» Exercise goal:
What you return must be the full data, repeated verbatim, with no pictures in it.

» Supplied data:

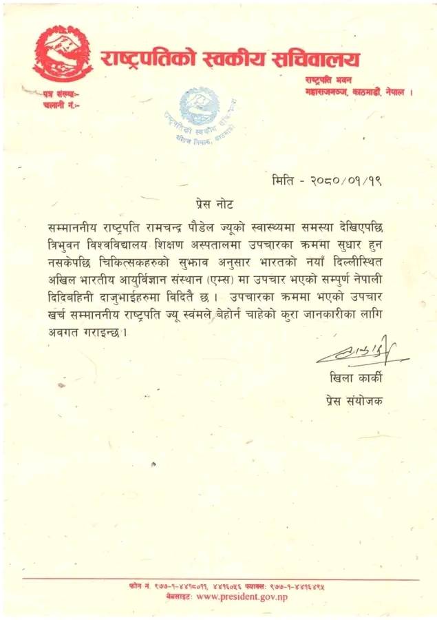 छातीमा समस्या देखिएपछि त्रिवि शिक्षण अस्पतालमा उपचार गराएका राष्ट्रपति पौडेल चिकित्सकहरुको सुझावका आधारमा ६ वैशाखमा भारतको नयाँदिल्लीस्थित अखिल भारतीय आयुर्विज्ञान संस्थान (एम्स) मा उपचारका लागि गएका थिए । त्यहाँ ११ दिनको उपचारपछि राष्ट्रपति पौडेल आइतबार राति स्वदेश फर्किएका थिए ।
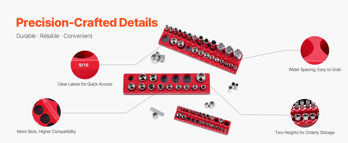 VEVOR magnetic socket organizer set is compatible with many socket brands, streamlining storage and keeping tools handy. Its strong magnetic base grips firmly on many metal surfaces, creating a quick workspace. Ideal for various scenarios, it keeps sockets organized and accessible, saving effort.
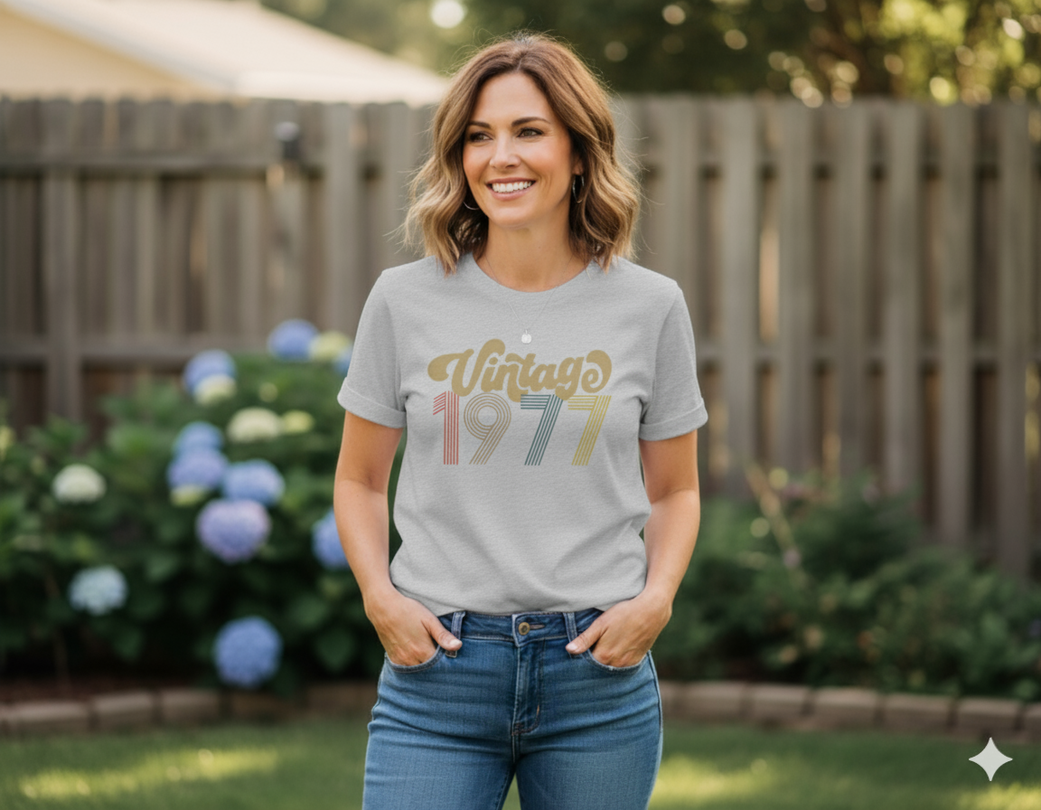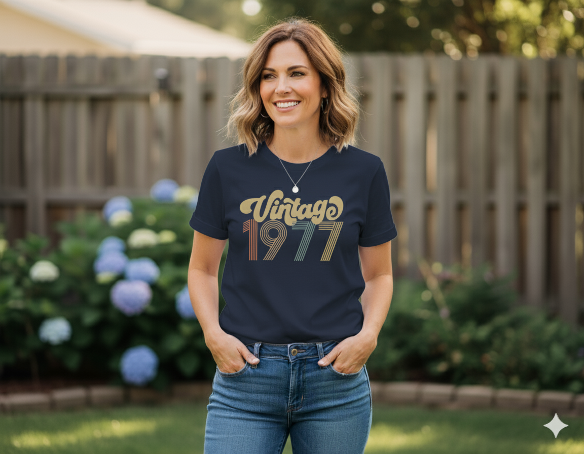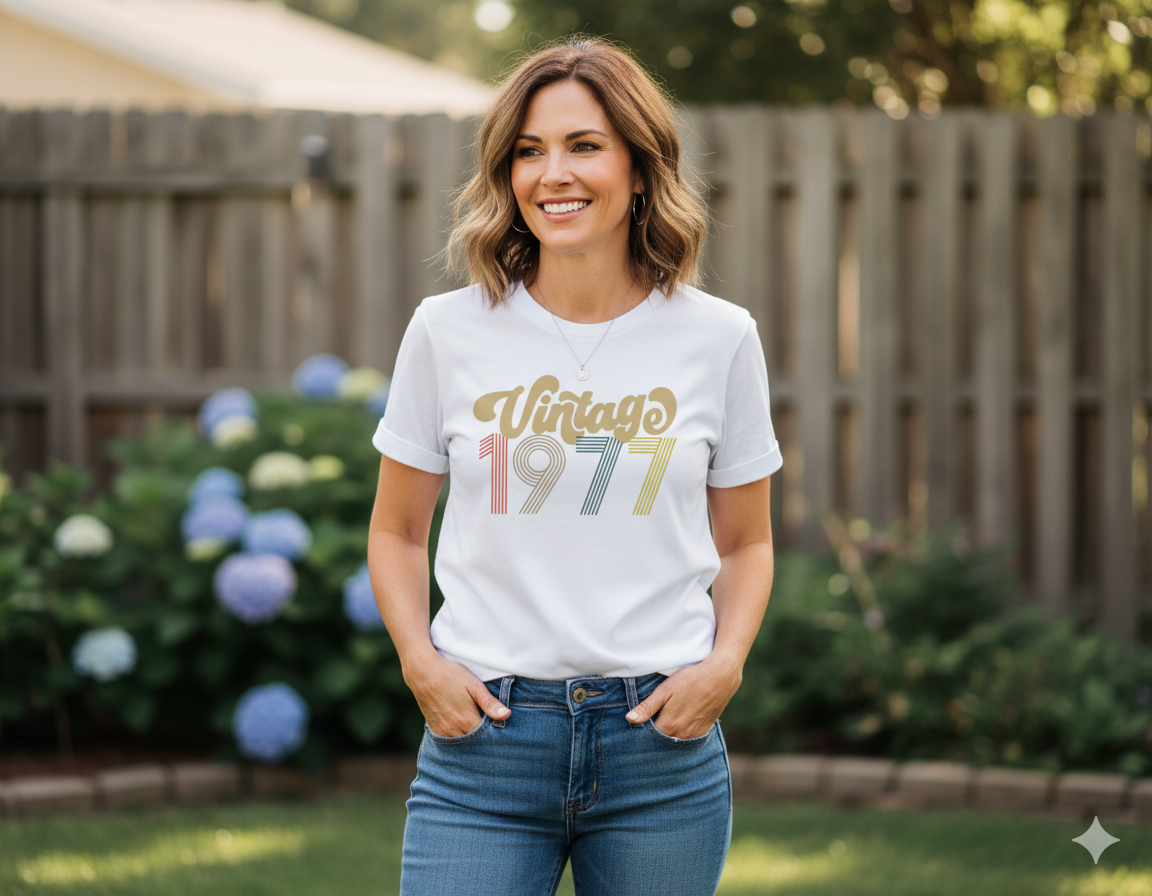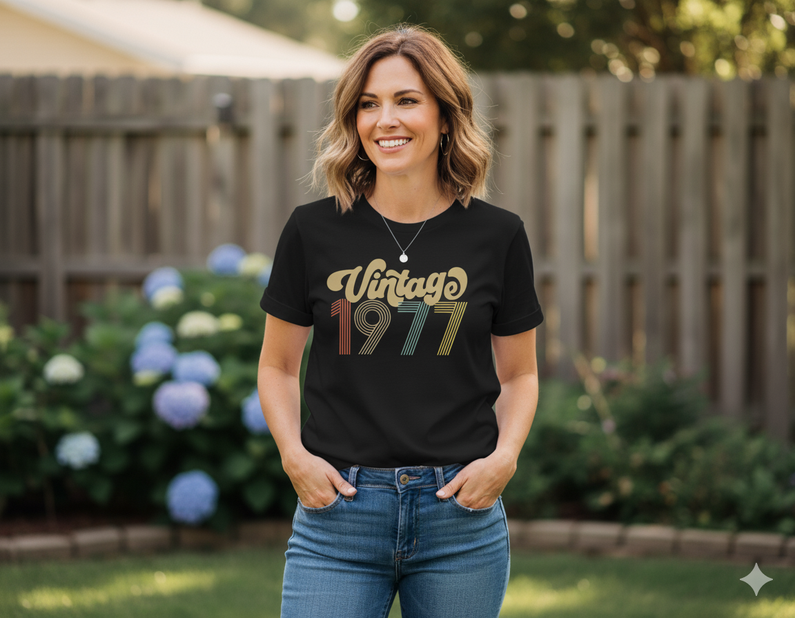 - 1977's vintage t-shirt with original lettering print, for a birthday gift.

» Written solution:
 छातीमा समस्या देखिएपछि त्रिवि शिक्षण अस्पतालमा उपचार गराएका राष्ट्रपति पौडेल चिकित्सकहरुको सुझावका आधारमा ६ वैशाखमा भारतको नयाँदिल्लीस्थित अखिल भारतीय आयुर्विज्ञान संस्थान (एम्स) मा उपचारका लागि गएका थिए । त्यहाँ ११ दिनको उपचारपछि राष्ट्रपति पौडेल आइतबार राति स्वदेश फर्किएका थिए ।
 VEVOR magnetic socket organizer set is compatible with many socket brands, streamlining storage and keeping tools handy. Its strong magnetic base grips firmly on many metal surfaces, creating a quick workspace. Ideal for various scenarios, it keeps sockets organized and accessible, saving effort.
 - 1977's vintage t-shirt with original lettering print, for a birthday gift.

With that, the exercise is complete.